Bank secrecy - as Swiss as yodeling, cheese, and the Matterhorn - is under mounting foreign fire.
This time shots are not from third world interest groups, which see developing countries' riches disappearing into Alpine coffers. The complainers are industrialized countries - the United States, France, and Italy.
In recent months, a series of irritating events prompted Switzerland's European neighbors and the Americans to get tough. So much so that Swiss bankers have become more than a little concerned about a tarnished image and its effect on business.
This week, from March 1st to 3rd, a six-man delegation from the Securities and Exchange Commission (SEC) and the US Departments of State and Justice is airing its grievances in Berne and Zurich to federal officials and bankers. Top of the agenda: mysterious insider transactions on US stock exchanges last year which the SEC supposedly tracked to Swiss bank clients and a wall of silence.
Under Article 47 of the Swiss Banking Act, if a banker gives information, without a client's permission, he can be sentenced to up to six months in jail and/or a fine of $26,000. The only way a bank can open up its records is if an account can be tied to an offense which is a crime in Switzerland.
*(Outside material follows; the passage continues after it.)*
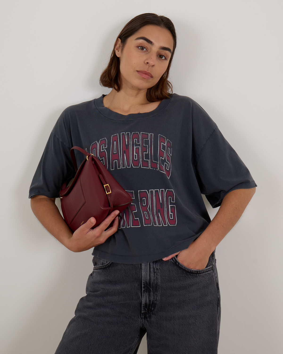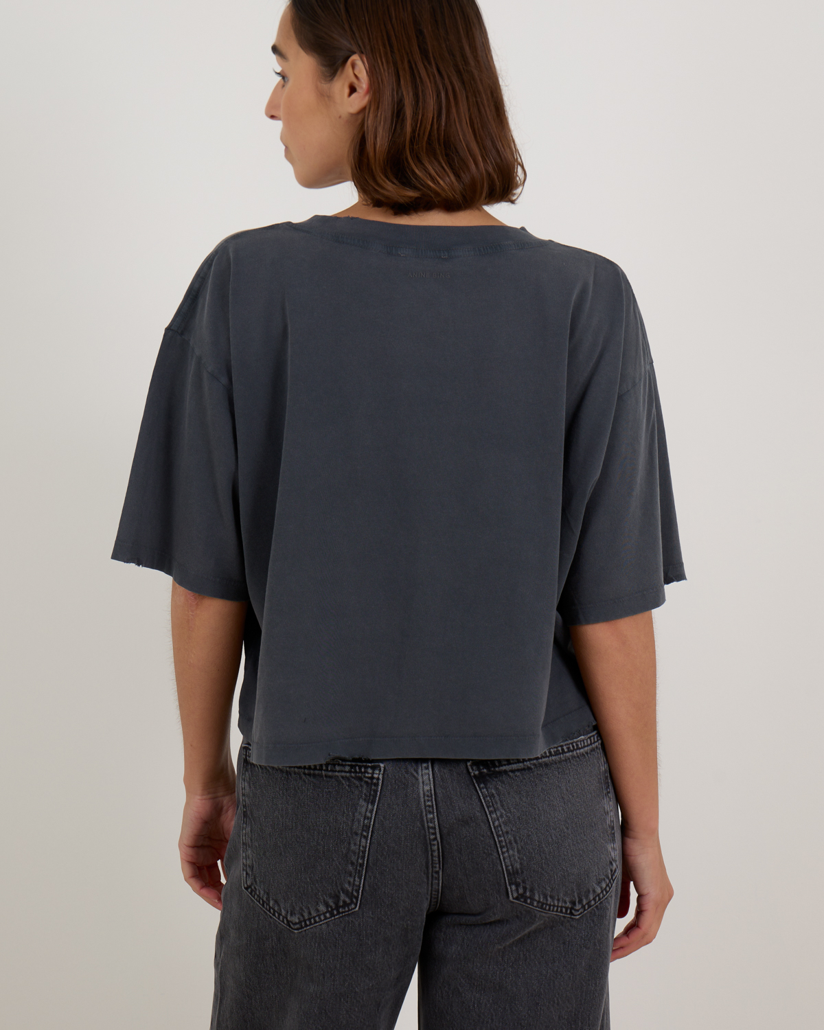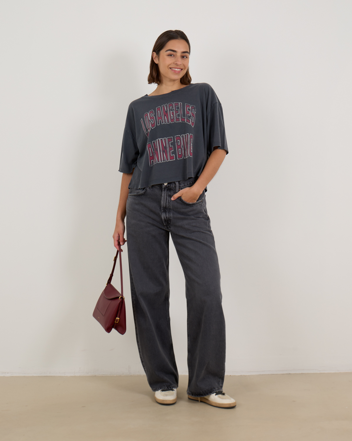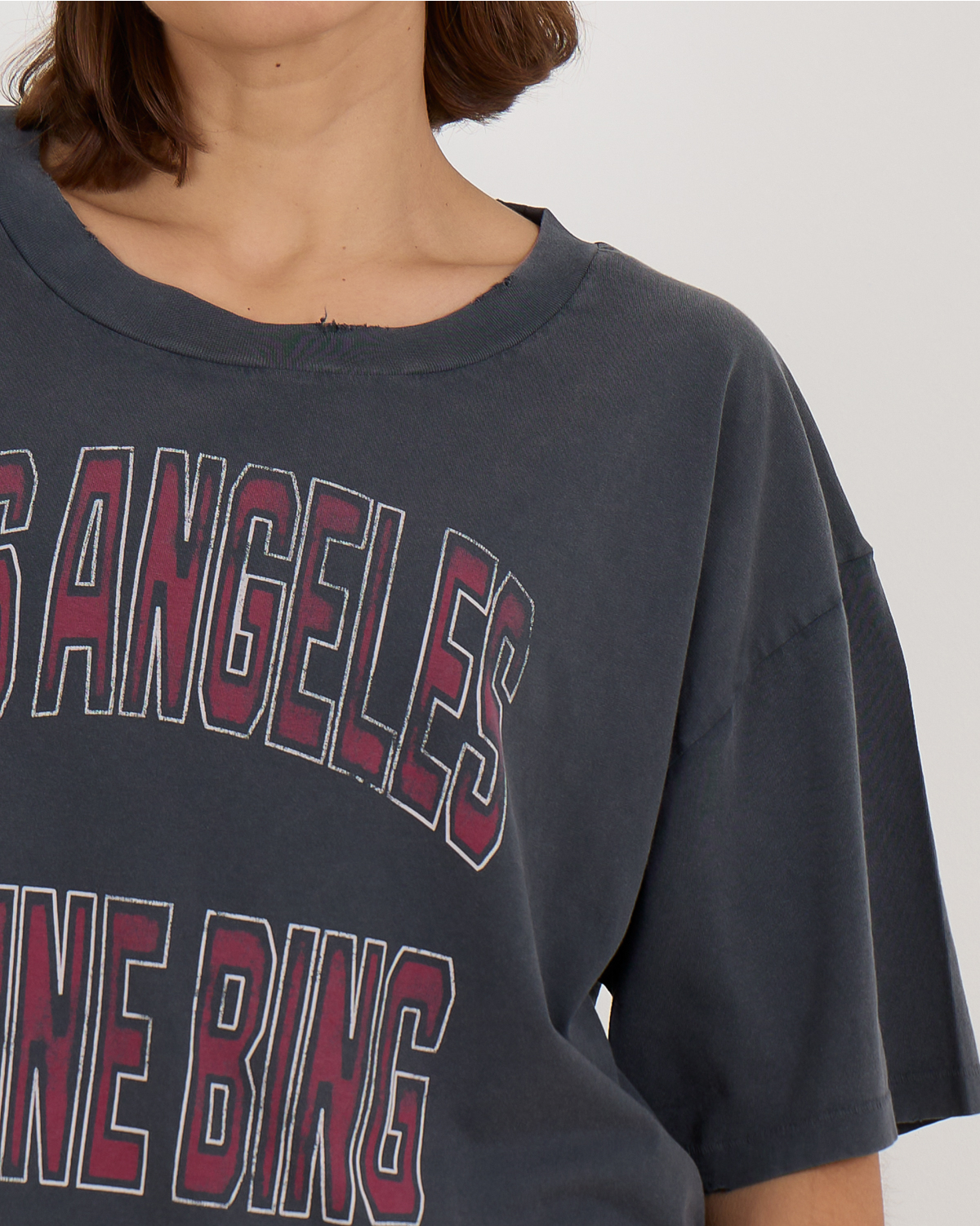 Dit stijlvolle cropped shirt straalt moderne rock-chic uit met zijn opvallende 'Los Angeles' en 'Anine Bing' print op de voorzijde. De verwassen zwarte kleur geeft het shirt een authentiek vintage karakter. De boxy pasvorm zorgt voor een trendy, relaxte uitstraling, terwijl de korte mouwen en ronde hals comfort bieden. Vervaardigd uit 100% katoen voor optimaal draagcomfort en duurzaamheid.

Threatened by SEC sanctions, one Swiss bank did persuade its client to give his name. Others stayed firm voicing a strong distaste for attempted American interference in Swiss law. Privately, however, Swiss bankers are concerned that a tough SEC could curtail Swiss bank activites in US stock exchanges. Discussing the ''conflict of laws,'' as one Berne US Embassy official put it, is what this week's Swiss-American talks are about.
Italy, fed up with billions of lira disappearing over the Swiss border, has boosted its anti-flight money campaign. Unsuspecting Swiss bankers are shadowed, tapped, and secretly photographed. Two respectable bankers fell into traps last December. After weeks in Roman cells, they faced the courts and a blaze of publicity bent on putting the Swiss banking system on trial.
Proving that if the going gets rough enough even the lips of a Swiss banker can be loosened, one of the bankers spilled the beans on his clients. This February he was sentenced to a suspended 14 months while his tighter-lipped fellow Swiss landed an unsuspended two years, a harsh warning to Swiss bankers caught with a bag of money in Italy which cannot be explained.
In France after the Socialists came to power, francs have flooded into Switzerland with estimates totalling around five times the usual annual average of $1.4 billion.
French customs has the awesome job of tackling countless smugglers who filter in by air, boat, and land to place their capital in a secret Swiss vault.
An angry French parliamentary commission held hearings into this illegal capital outflow to be told by leftist Swiss parliamentarian, the Genevan professor Jean Ziegler, that some 650,000 Frenchmen have Swiss numbered accounts.
The French have moved to increase their customs officers by about 1,000. Many are destined for the Swiss border. For travelers at the frontier, baggage searches are often long and tedious with officials looking for signs that a French citizen has been at a Swiss bank.
Between the Swiss National Bank and the country's commercial banks is a gentlemen's agreement which bans bankers from actively helping capital flight. There are heavy fines for violations.
Nevertheless, once flight money is in Switzerland, there is nothing to stop a bank from accepting it.